#### [To do]
Using the listing below, report each line holding the string "what".

#### [Excerpted data]
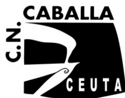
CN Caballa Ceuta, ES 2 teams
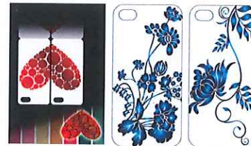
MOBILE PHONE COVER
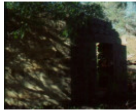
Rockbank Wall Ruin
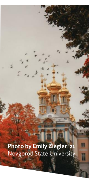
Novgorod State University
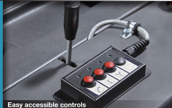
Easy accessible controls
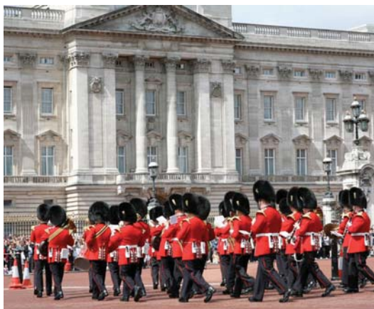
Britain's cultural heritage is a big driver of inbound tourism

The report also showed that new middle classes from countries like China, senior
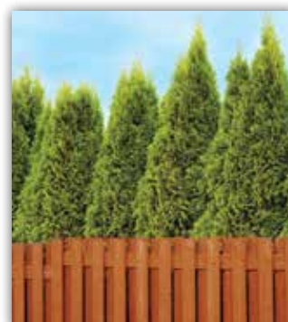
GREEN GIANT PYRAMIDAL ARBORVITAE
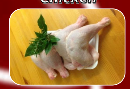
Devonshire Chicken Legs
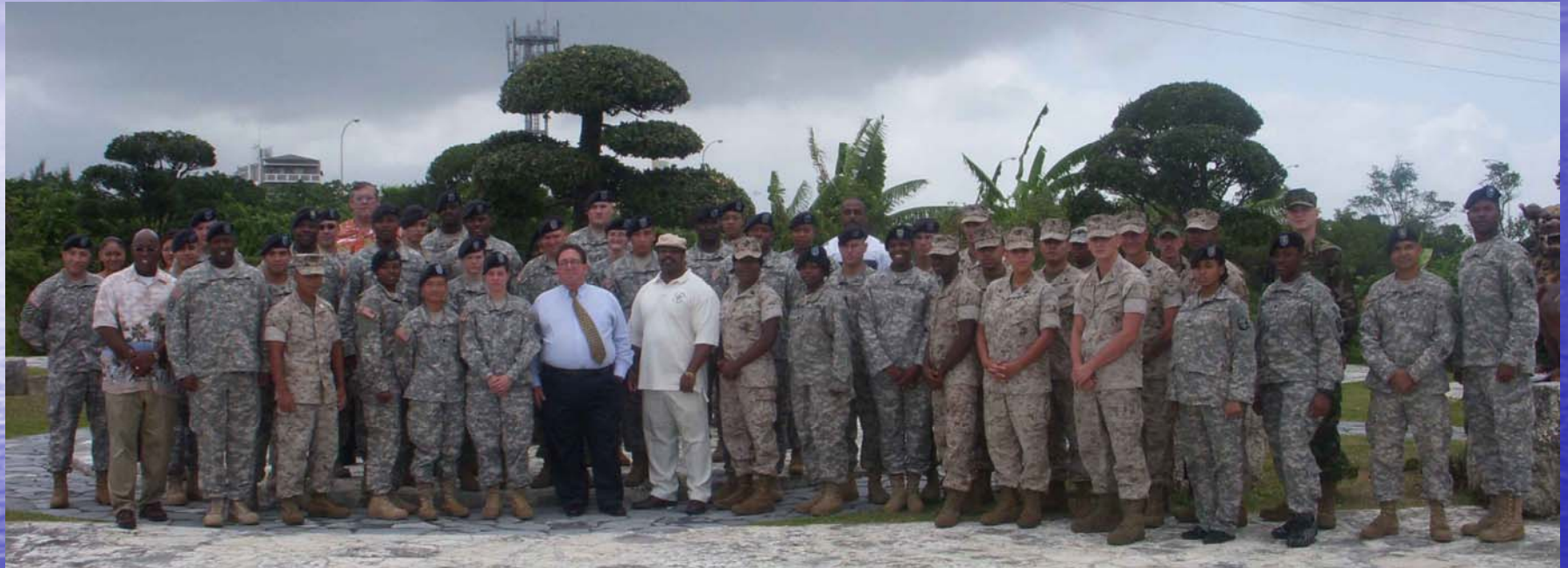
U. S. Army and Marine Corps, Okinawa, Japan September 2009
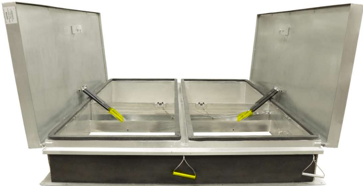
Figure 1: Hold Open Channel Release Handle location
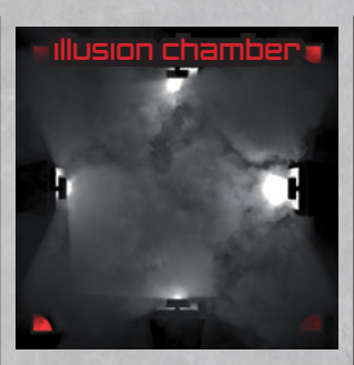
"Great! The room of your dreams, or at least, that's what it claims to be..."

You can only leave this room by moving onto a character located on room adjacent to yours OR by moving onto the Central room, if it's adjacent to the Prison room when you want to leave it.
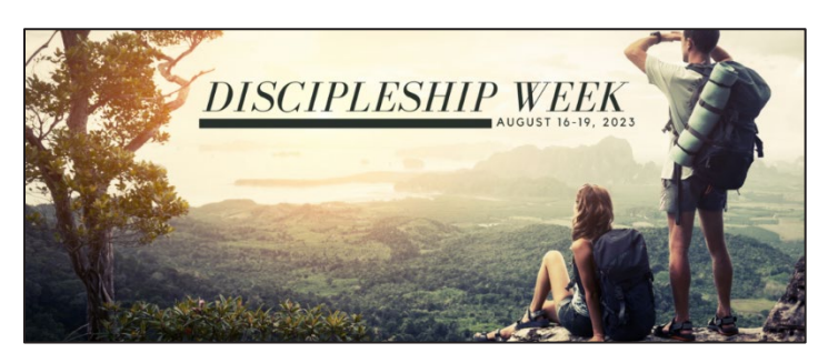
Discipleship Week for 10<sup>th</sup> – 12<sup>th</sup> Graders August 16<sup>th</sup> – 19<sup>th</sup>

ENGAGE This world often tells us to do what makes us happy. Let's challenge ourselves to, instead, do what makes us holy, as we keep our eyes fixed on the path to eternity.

#### [Task result]
"Great! The room of your dreams, or at least, that's what it claims to be..."
ENGAGE This world often tells us to do what makes us happy. Let's challenge ourselves to, instead, do what makes us holy, as we keep our eyes fixed on the path to eternity.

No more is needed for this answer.